_Recorded data_
===============

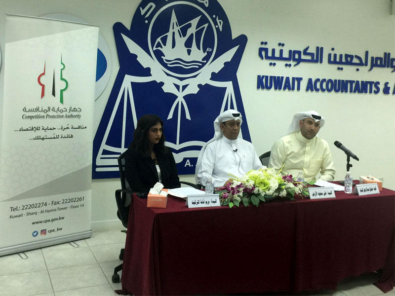 وذكر أنه يحق للمتضررين اللجوء إلى الجهاز لتقديم شكوى عند وجود ممارسات تضر بالمنافسة، إذ يتخذ الجهاز إجراءات التقصي والبحث وجمع الاستدلالات والتحقيق لاتخاذ الإجراء اللازم، كما يبادر الجهاز بإجراء الدراسات والبحوث اللازمة لتحليل أساليب التعامل المختلفة في الأسواق للكشف عن الحالات الضارة بالمنافسة والممارسات الاحتكارية، مبيناً أنه يتم استخدام الضبطية القضائية في حال وجود شبهة جرائم، فلموظفي الضبطية القضائية أن يطلعوا على الدفاتر والمعلومات من الجهات الحكومية وغير الحكومية.ولفت الأربش إلى أن موظفي الجهاز يباشرون التدريب مع البنك الدولي الذي يشرف على التدريب الاقتصادي من ناحية دراسة الأسواق المعنية وكيفية تحديد نسب السيطرة وآلية الكشف والتحليل بشأن المجاميع الاحتكارية والسلوكيات، التي يكون هدفها الإضرار بالمنافس والمستهلك وأيضاً التدريب القانوني، الذي يشمل كيفية تطبيق وتفعيل قانون حماية المنافسة. من جانبها، قالت محاسب أول في جهاز حماية المنافسة مريم التركيت، إن هناك فرقاً كبيراً بين دور كل من جهاز حماية المنافسة وإدارة حماية المستهلك ويجب التفريق بينهما، إذ إن الجهاز يحمي المنافسة ويمنع الاحتكار في الأنشطة، أما حماية المستهلك فدورها الأسعار والتحقيق في شكاوى المستهلك حول السلع وغيرها من الأمور مشيرة إلى أنه لا يوجد تعارض بين الاثنين فلكل دوره الذي يقوم به.وحول الاستحواذ والاندماج أوضحت التركيت أن أي عملية اندماج أو استحواذ بين الشركات، لابد أن يتم إخطار الجهاز بها، إذ يتولى دراستها جيداً، ثم يتخذ قراراً بالموافقة عليها أو رفضها.وعن التضمين، ذكرت أن التضمين، إذا لم يؤثر على المنافسة فلا ضرر منه ولا يمنعه الجهاز بل على العكس، خصوصاً أن الأجانب لا يحق لهم فتح أنشطة تجارية بأسمائهم، بالتالي لابد من التضمين شريطة ألا يكون فيه احتكار لنشاط معين.وذكرت أن الجهاز يتدخل في حال وجد أن هناك اتفاقاً بين شركات أو جهات تحاول القيام بممارسات ضارة أو احتكار قطاع معين بنسبة تزيد على 35 في المئة، مبينة أن تعمد الضرر بالمنافسين من خلال عقود حصرية يجرمه قانون المنافسة.وقالت إن من أهم ما جاء في القانون لضمان تطبيق تكافؤ الفرص وخلق بيئة تنافسية في السوق الكويتي هو منع ممارسات تهدف إلى الضرر بالمنافس أو المستهلك، ومن هذه الممارسات تغيير أسعار السلع أو الخدمات أو تثبيتها سواء بصورة معاملات وهمية أو فعلية من بعض المنافسين، كذلك التحكم بتدفق كمية من المنتجات إلى الأسواق سواء دخولها أو خروجها، فضلاً عن افتعال وفرة مفاجئة للمنتجات تؤدي إلى تداولها بسعر غير حقيقي يؤثر على المنافسين.وأوضحت أنه كأصل عام يحقق الجهاز مع جميع الكيانات الاقتصادية والأشخاص والشركات على مختلف طريق تكوينها باستثناء بعض الجهات التي حظرت المادة 6 من قانون المنافسة التحقيق معها، وهي الشركات والمرافق، التي تديرها أو تملكها الدولة ومنها النفط، والمشروعات وأوجه النشاط التي ينظمها قانون خاص مثل شركات الاتصالات، كذلك الأنشطة التي تستهدف تسهيل النشاط الاقتصادي كالتعاون بين الشركات بوضع المعايير القياسية وتبادل الإحصائيات، إضافة إلى أنشطة البحوث والتطوير (مثال المركز العلمي، ومعهد الأبحاث).
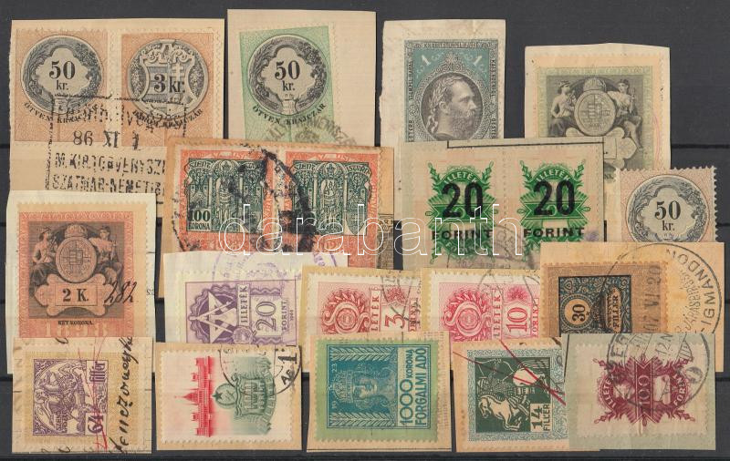 Beschreibung: 17 db illetékbélyeg kivágásokon, közte összefüggések
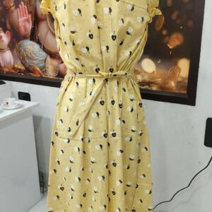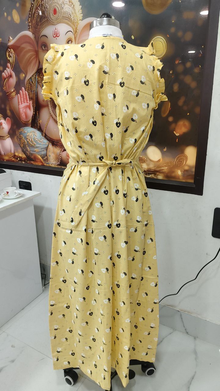 Stay cozy and stylish in this elegant Cotton Nighty in a vibrant pink color with blue floral prints. Tailored from soft, breathable cotton, it offers all-day comfort for lounging or sleeping. The frill cap sleeves and front buttons add a touch of charm to the classic design.

===============

_How to complete this task_
Please reproduce the whole listing exactly; the pictures stay out.

_Answer for this exercise_
 وذكر أنه يحق للمتضررين اللجوء إلى الجهاز لتقديم شكوى عند وجود ممارسات تضر بالمنافسة، إذ يتخذ الجهاز إجراءات التقصي والبحث وجمع الاستدلالات والتحقيق لاتخاذ الإجراء اللازم، كما يبادر الجهاز بإجراء الدراسات والبحوث اللازمة لتحليل أساليب التعامل المختلفة في الأسواق للكشف عن الحالات الضارة بالمنافسة والممارسات الاحتكارية، مبيناً أنه يتم استخدام الضبطية القضائية في حال وجود شبهة جرائم، فلموظفي الضبطية القضائية أن يطلعوا على الدفاتر والمعلومات من الجهات الحكومية وغير الحكومية.ولفت الأربش إلى أن موظفي الجهاز يباشرون التدريب مع البنك الدولي الذي يشرف على التدريب الاقتصادي من ناحية دراسة الأسواق المعنية وكيفية تحديد نسب السيطرة وآلية الكشف والتحليل بشأن المجاميع الاحتكارية والسلوكيات، التي يكون هدفها الإضرار بالمنافس والمستهلك وأيضاً التدريب القانوني، الذي يشمل كيفية تطبيق وتفعيل قانون حماية المنافسة. من جانبها، قالت محاسب أول في جهاز حماية المنافسة مريم التركيت، إن هناك فرقاً كبيراً بين دور كل من جهاز حماية المنافسة وإدارة حماية المستهلك ويجب التفريق بينهما، إذ إن الجهاز يحمي المنافسة ويمنع الاحتكار في الأنشطة، أما حماية المستهلك فدورها الأسعار والتحقيق في شكاوى المستهلك حول السلع وغيرها من الأمور مشيرة إلى أنه لا يوجد تعارض بين الاثنين فلكل دوره الذي يقوم به.وحول الاستحواذ والاندماج أوضحت التركيت أن أي عملية اندماج أو استحواذ بين الشركات، لابد أن يتم إخطار الجهاز بها، إذ يتولى دراستها جيداً، ثم يتخذ قراراً بالموافقة عليها أو رفضها.وعن التضمين، ذكرت أن التضمين، إذا لم يؤثر على المنافسة فلا ضرر منه ولا يمنعه الجهاز بل على العكس، خصوصاً أن الأجانب لا يحق لهم فتح أنشطة تجارية بأسمائهم، بالتالي لابد من التضمين شريطة ألا يكون فيه احتكار لنشاط معين.وذكرت أن الجهاز يتدخل في حال وجد أن هناك اتفاقاً بين شركات أو جهات تحاول القيام بممارسات ضارة أو احتكار قطاع معين بنسبة تزيد على 35 في المئة، مبينة أن تعمد الضرر بالمنافسين من خلال عقود حصرية يجرمه قانون المنافسة.وقالت إن من أهم ما جاء في القانون لضمان تطبيق تكافؤ الفرص وخلق بيئة تنافسية في السوق الكويتي هو منع ممارسات تهدف إلى الضرر بالمنافس أو المستهلك، ومن هذه الممارسات تغيير أسعار السلع أو الخدمات أو تثبيتها سواء بصورة معاملات وهمية أو فعلية من بعض المنافسين، كذلك التحكم بتدفق كمية من المنتجات إلى الأسواق سواء دخولها أو خروجها، فضلاً عن افتعال وفرة مفاجئة للمنتجات تؤدي إلى تداولها بسعر غير حقيقي يؤثر على المنافسين.وأوضحت أنه كأصل عام يحقق الجهاز مع جميع الكيانات الاقتصادية والأشخاص والشركات على مختلف طريق تكوينها باستثناء بعض الجهات التي حظرت المادة 6 من قانون المنافسة التحقيق معها، وهي الشركات والمرافق، التي تديرها أو تملكها الدولة ومنها النفط، والمشروعات وأوجه النشاط التي ينظمها قانون خاص مثل شركات الاتصالات، كذلك الأنشطة التي تستهدف تسهيل النشاط الاقتصادي كالتعاون بين الشركات بوضع المعايير القياسية وتبادل الإحصائيات، إضافة إلى أنشطة البحوث والتطوير (مثال المركز العلمي، ومعهد الأبحاث).
 Beschreibung: 17 db illetékbélyeg kivágásokon, közte összefüggések
 Stay cozy and stylish in this elegant Cotton Nighty in a vibrant pink color with blue floral prints. Tailored from soft, breathable cotton, it offers all-day comfort for lounging or sleeping. The frill cap sleeves and front buttons add a touch of charm to the classic design.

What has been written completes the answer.